A driver may further improve economy by anticipating the movement of other traffic users. For example, a driver who stops quickly, or turns without signaling, reduces the options another driver has for maximizing his performance. By always giving road users as much information about their intentions as possible, a driver can help other road users reduce their fuel usage. Similarly, anticipation of road features such as traffic lights can reduce the need for excessive braking and acceleration.
Using air conditioning requires the generation of up to 5 hp (3.7 kW) of extra power to maintain a given speed. The National Renewable Energy Laboratory in a 2000 report suggest that a 400-W load on a conventional engine can decrease the fuel economy by about 0.4 km/L (1 mpg). A/C systems cycle on and off, or vary their output, as required by the occupants so they rarely run at full power continuously. Rolling down the windows is often seen as the leading way to prevent this loss of energy. This technique, however, causes increased drag in the form of air resistance and the cost savings is less than is generally anticipated. Using the passenger heating system slows the rise to operating temperature for the engine. Either the choke in a carburetor-equipped car or the fuel injection computer in newer vehicles will add more fuel to the fuel-air mixture until normal operating temperature is reached, decreasing fuel economy.

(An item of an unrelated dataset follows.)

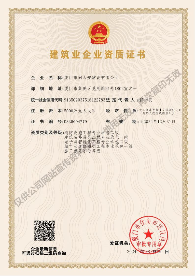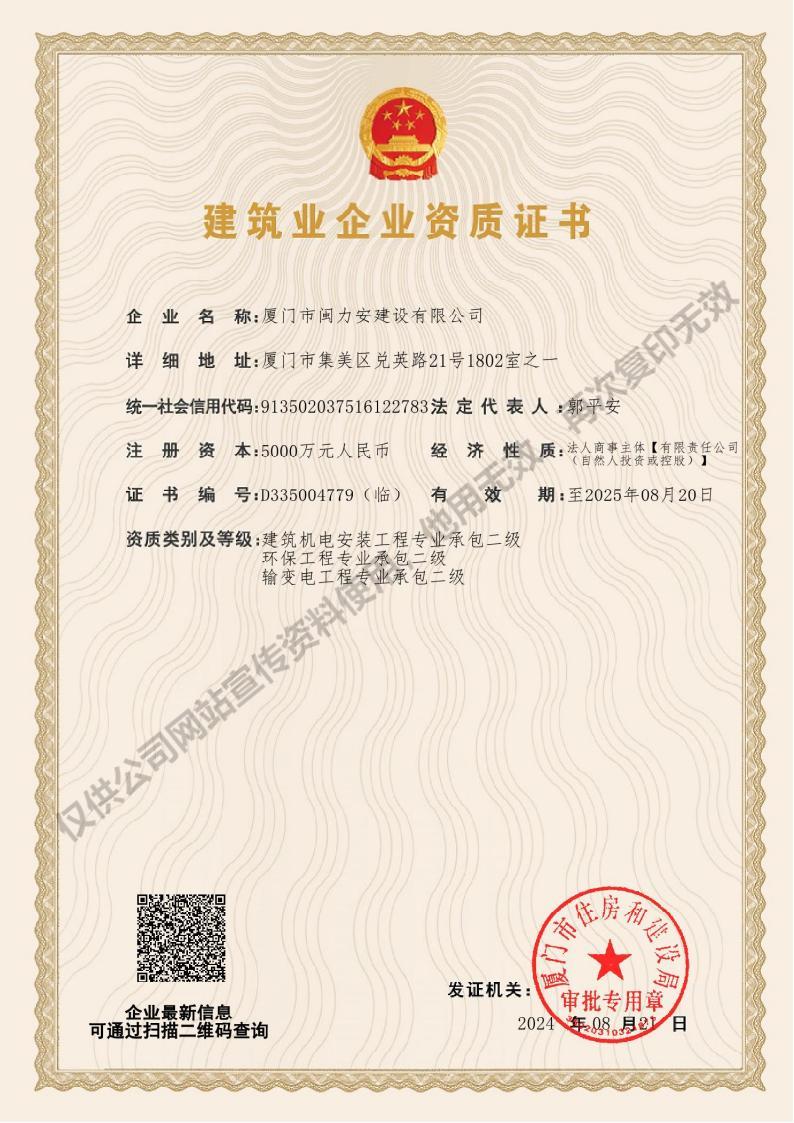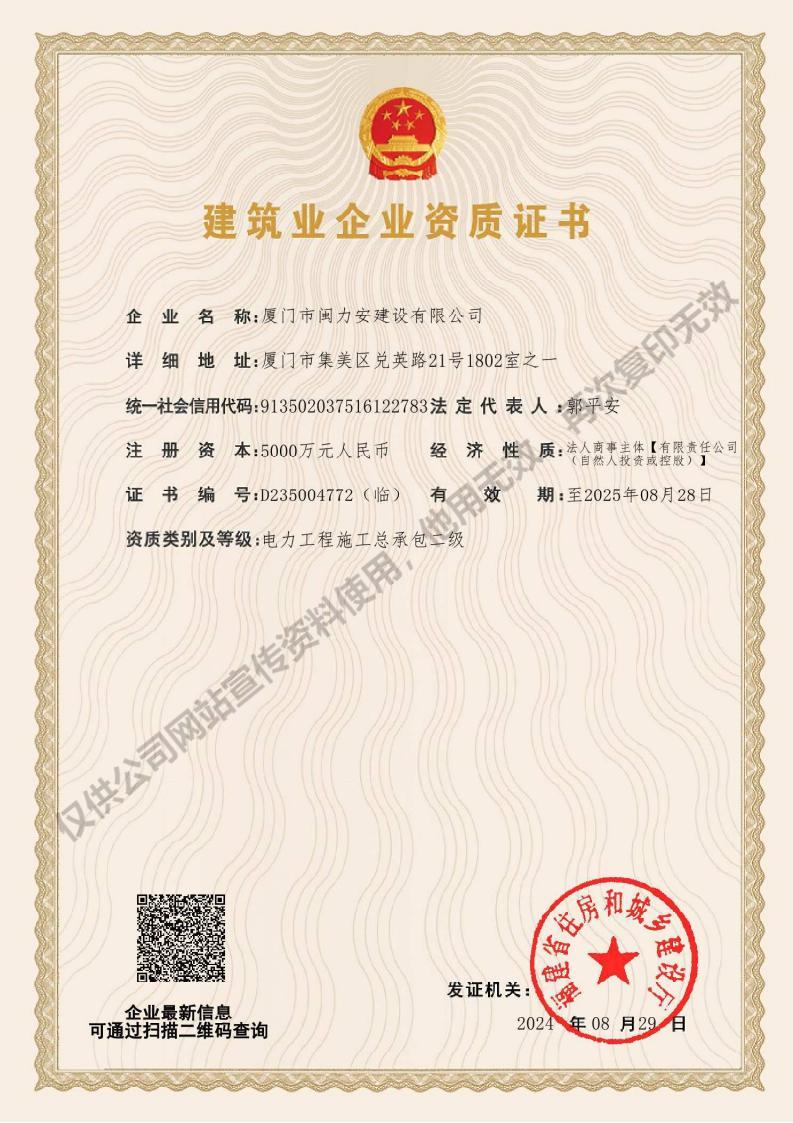 祝賀閩力安取得:建筑業(yè)企業(yè)各種資質(zhì)證書發(fā)布日期:2024-08-15 瀏覽次數(shù):2580

Octane rating is only a measure of the fuel's propensity to cause an engine to ping or knock; this pinging is due to pre-combustion, which occurs when the fuel burns too rapidly (before the piston reaches top dead center). Higher-octane fuels burn more slowly at high pressures. For the vast majority of vehicles (i.e. vehicles with standard compression ratios), standard-octane fuel will work fine and not cause pinging. Using high-octane fuel in a vehicle that does not need it is generally considered an unnecessary expense, although Toyota has measured slight differences in efficiency due to octane number even when knock is not an issue. All vehicles in the United States built since 1996 are equipped with OBD2 and most will have knock sensors that will automatically adjust the timing if and when pinging is detected, so low-octane fuel can be used in an engine designed for high octane, with some reduction in efficiency and performance. If the engine is designed for high octane then higher-octane fuel will result in higher efficiency and performance under certain load and mixture conditions. For other vehicles that have problems with pinging, it may be due to a maintenance problem, such as carbon buildup inside the cylinder, using spark plugs with the improper heat range or ignition timing problems. In such cases, higher-octane fuel may help, but this is an expensive fix; proper repair might make more long-term sense. There is slightly less energy in a gallon of high-octane fuel than low-octane. Pinging is detrimental to an engine; it will decrease fuel economy and will damage the engine over time.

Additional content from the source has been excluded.